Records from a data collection

======

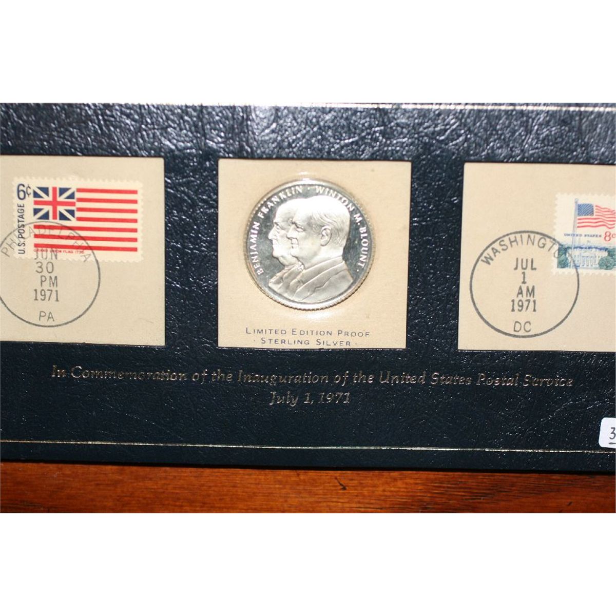 "In Commemoration of the Inauguration of the USPS July 1,1971" Sterling Silver Franklin-Blount Coin and Stamp Set
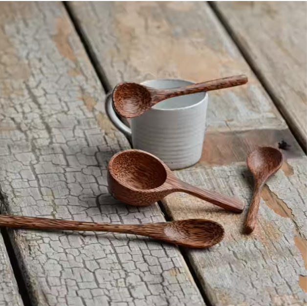 คอลเลกชั่นช้อนไม้มะพร้าวตามสั่งเครื่องครัวทำมือเป็นมิตรต่อสิ่งแวดล้อมสำหรับโต๊ะอาหารและของขวัญชุดเครื่องครัวงานฝีมือ
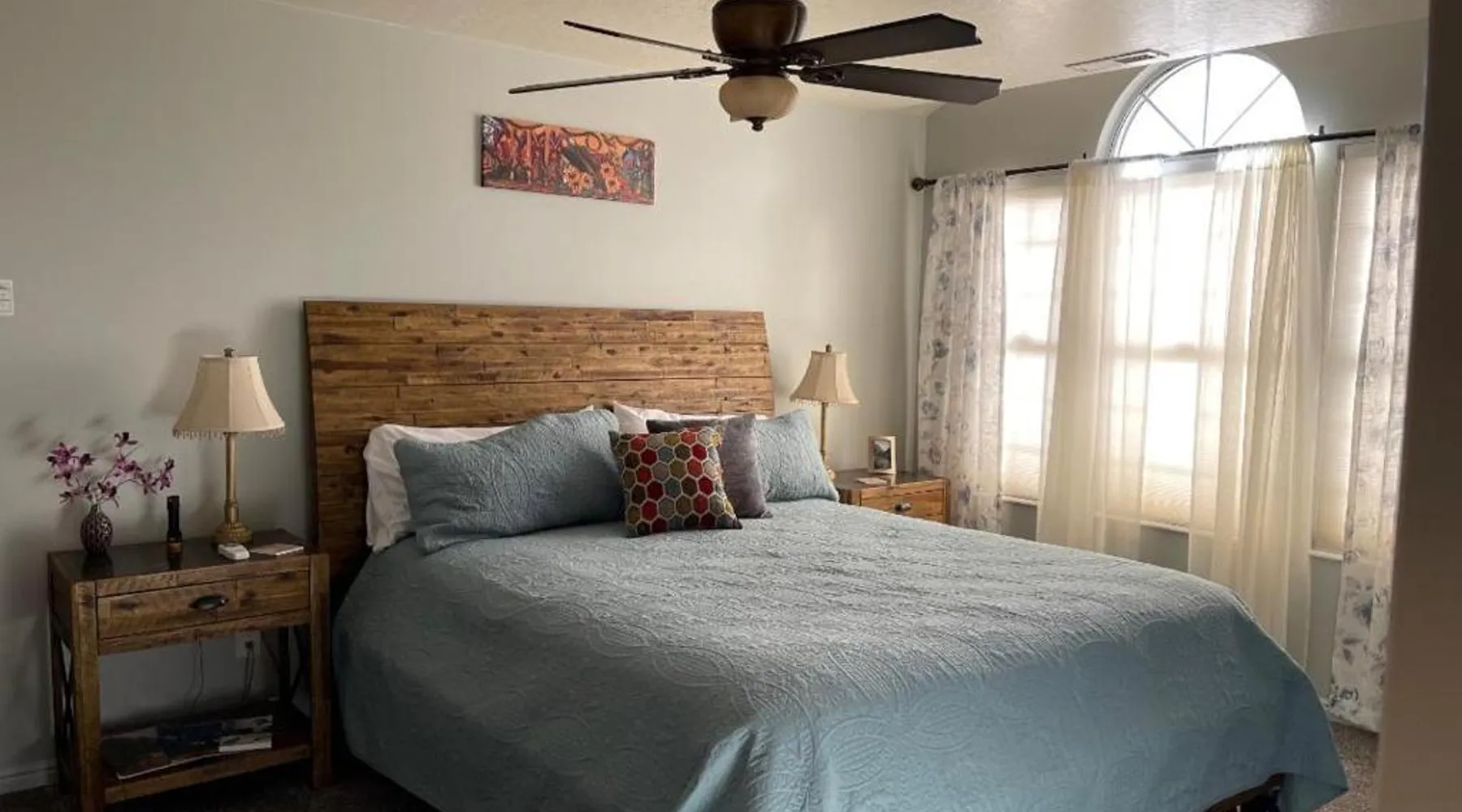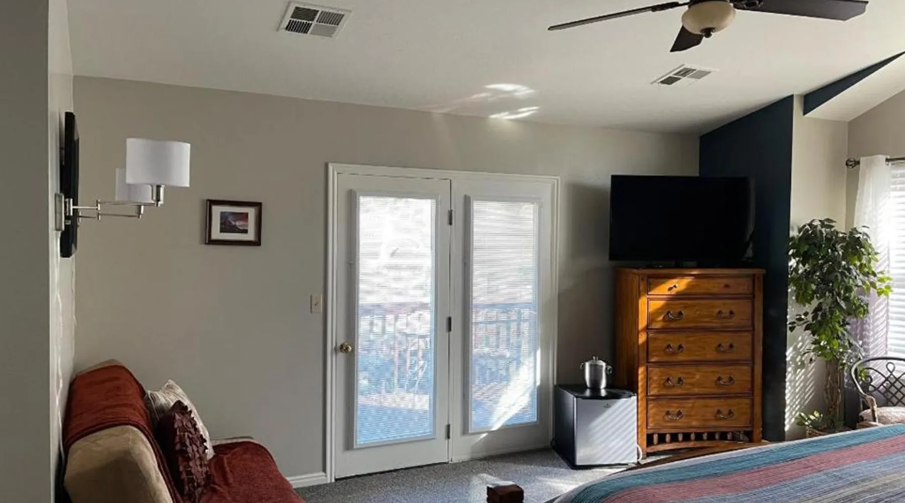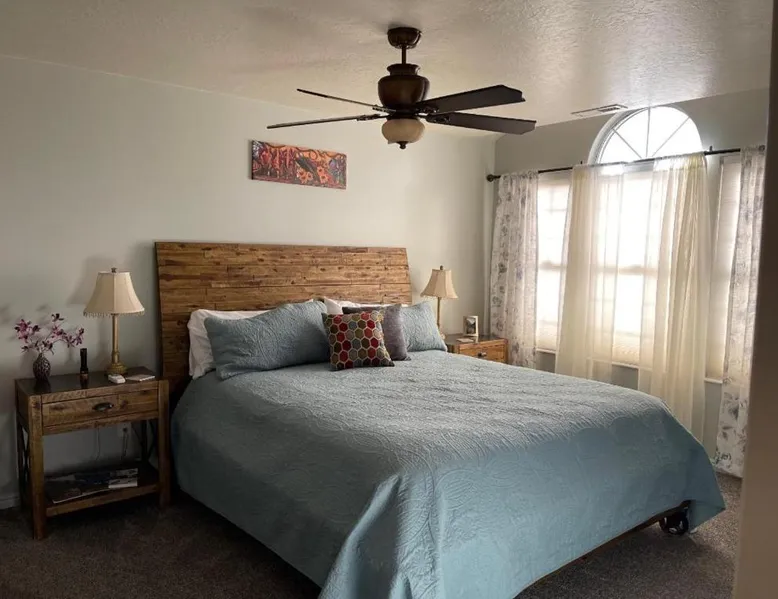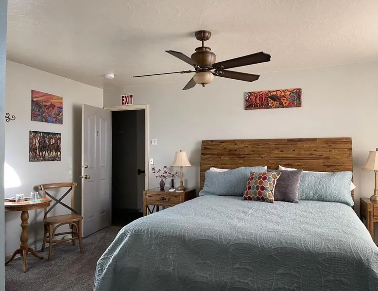 Elegant Accommodations: Harvest House Bed and Breakfast in Springdale offers adults-only rooms with private bathrooms, air-conditioning, and garden or mountain views. Each room includes a balcony, walk-in shower, and free toiletries. Exceptional Facilities: Guests enjoy a beautiful garden, free WiFi, lounge, outdoor seating area, picnic area, and electric vehicle charging station. Free on-site private parking is available, along with a shuttle service. Convenient Location: Located 40 mi from St. George Regional Airport, the property is a short walk from Peaceful Escapes and near attractions such as Zion National Park. Highly rated for its friendly host, delicious breakfast, and convenient location. This suite consists of 1 living room, 1 separate bedroom and 1 bathroom with a walk-in shower and free toiletries. The air-conditioned suite provides a TV with satellite channels, a seating area, a sofa, a carpeted floor as well as garden views. The unit offers 1 bed.
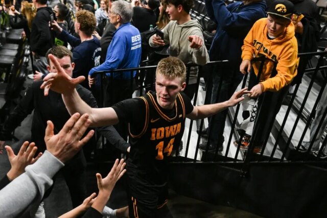 Cooper Koch ne ha aggiunti 10 per gli Hawkeyes (19-7, 9-6 Huge Ten), che hanno superato 17 tiri su 51 dal campo ottenendo la prima vittoria su una squadra classificata dal 2024. L’Iowa si è aiutato affondando 17 tiri fallosi su 18, di cui tre di Stirtz con 36,1 secondi rimasti che gli hanno dato un vantaggio di 53-47.
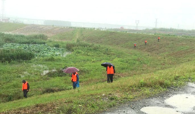 自7月26日起,十七冶工程科技公司防洪救災(zāi)隊(duì)開始了為期三天的災(zāi)情巡查工作。每天早晨6點(diǎn)半,防洪救災(zāi)隊(duì)就已完成集結(jié),于八點(diǎn)半到達(dá)當(dāng)?shù)兀噭傄宦涞兀?duì)員們便馬不停蹄的跟隨當(dāng)?shù)刎?fù)責(zé)人來到了裕溪河都勝圩段,立即展開堤壩巡查工作。

======

* _Task item_: Output every entry exactly as given; pictures are not part of the copy.

* _Problem solution_:
 "In Commemoration of the Inauguration of the USPS July 1,1971" Sterling Silver Franklin-Blount Coin and Stamp Set
 คอลเลกชั่นช้อนไม้มะพร้าวตามสั่งเครื่องครัวทำมือเป็นมิตรต่อสิ่งแวดล้อมสำหรับโต๊ะอาหารและของขวัญชุดเครื่องครัวงานฝีมือ
 Elegant Accommodations: Harvest House Bed and Breakfast in Springdale offers adults-only rooms with private bathrooms, air-conditioning, and garden or mountain views. Each room includes a balcony, walk-in shower, and free toiletries. Exceptional Facilities: Guests enjoy a beautiful garden, free WiFi, lounge, outdoor seating area, picnic area, and electric vehicle charging station. Free on-site private parking is available, along with a shuttle service. Convenient Location: Located 40 mi from St. George Regional Airport, the property is a short walk from Peaceful Escapes and near attractions such as Zion National Park. Highly rated for its friendly host, delicious breakfast, and convenient location. This suite consists of 1 living room, 1 separate bedroom and 1 bathroom with a walk-in shower and free toiletries. The air-conditioned suite provides a TV with satellite channels, a seating area, a sofa, a carpeted floor as well as garden views. The unit offers 1 bed.
 Cooper Koch ne ha aggiunti 10 per gli Hawkeyes (19-7, 9-6 Huge Ten), che hanno superato 17 tiri su 51 dal campo ottenendo la prima vittoria su una squadra classificata dal 2024. L’Iowa si è aiutato affondando 17 tiri fallosi su 18, di cui tre di Stirtz con 36,1 secondi rimasti che gli hanno dato un vantaggio di 53-47.
 自7月26日起,十七冶工程科技公司防洪救災(zāi)隊(duì)開始了為期三天的災(zāi)情巡查工作。每天早晨6點(diǎn)半,防洪救災(zāi)隊(duì)就已完成集結(jié),于八點(diǎn)半到達(dá)當(dāng)?shù)兀噭傄宦涞兀?duì)員們便馬不停蹄的跟隨當(dāng)?shù)刎?fù)責(zé)人來到了裕溪河都勝圩段,立即展開堤壩巡查工作。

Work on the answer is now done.